What you should do: Repeat the records below exactly, from the first line through the line containing "Если хотите загрузить", and leave out any pictures.

Dataset items:
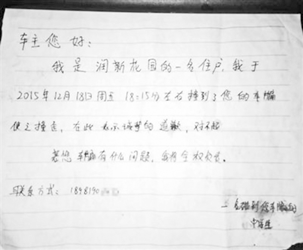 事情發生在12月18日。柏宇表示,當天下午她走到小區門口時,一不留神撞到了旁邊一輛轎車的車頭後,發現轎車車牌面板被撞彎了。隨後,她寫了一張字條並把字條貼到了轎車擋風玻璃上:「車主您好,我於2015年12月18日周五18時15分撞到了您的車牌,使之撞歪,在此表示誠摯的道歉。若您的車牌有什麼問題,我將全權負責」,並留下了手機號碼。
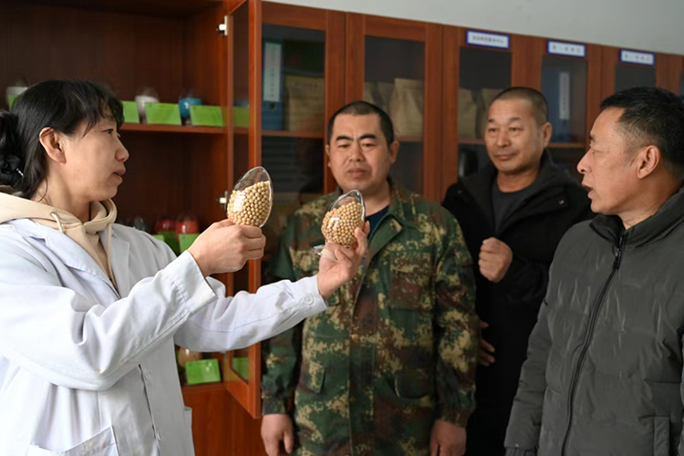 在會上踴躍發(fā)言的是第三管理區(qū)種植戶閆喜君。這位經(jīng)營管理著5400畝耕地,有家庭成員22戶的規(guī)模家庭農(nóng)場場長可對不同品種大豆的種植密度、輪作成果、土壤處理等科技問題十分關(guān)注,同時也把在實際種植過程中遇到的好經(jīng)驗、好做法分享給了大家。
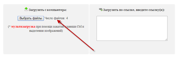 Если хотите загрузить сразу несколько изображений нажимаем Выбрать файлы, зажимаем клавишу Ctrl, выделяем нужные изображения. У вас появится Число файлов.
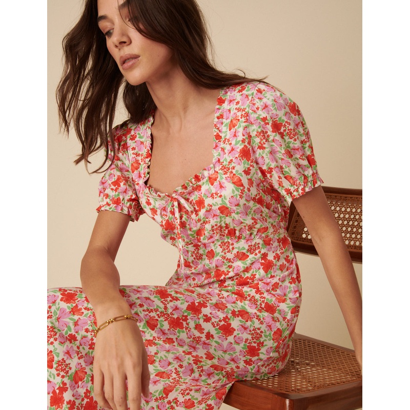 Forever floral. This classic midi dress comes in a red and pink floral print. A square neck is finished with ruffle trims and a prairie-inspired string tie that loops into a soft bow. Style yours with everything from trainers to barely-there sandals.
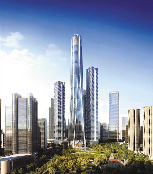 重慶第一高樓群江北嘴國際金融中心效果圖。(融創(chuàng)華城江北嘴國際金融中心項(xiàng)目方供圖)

Answer for this exercise:
 事情發生在12月18日。柏宇表示,當天下午她走到小區門口時,一不留神撞到了旁邊一輛轎車的車頭後,發現轎車車牌面板被撞彎了。隨後,她寫了一張字條並把字條貼到了轎車擋風玻璃上:「車主您好,我於2015年12月18日周五18時15分撞到了您的車牌,使之撞歪,在此表示誠摯的道歉。若您的車牌有什麼問題,我將全權負責」,並留下了手機號碼。
 在會上踴躍發(fā)言的是第三管理區(qū)種植戶閆喜君。這位經(jīng)營管理著5400畝耕地,有家庭成員22戶的規(guī)模家庭農(nóng)場場長可對不同品種大豆的種植密度、輪作成果、土壤處理等科技問題十分關(guān)注,同時也把在實際種植過程中遇到的好經(jīng)驗、好做法分享給了大家。
 Если хотите загрузить сразу несколько изображений нажимаем Выбрать файлы, зажимаем клавишу Ctrl, выделяем нужные изображения. У вас появится Число файлов.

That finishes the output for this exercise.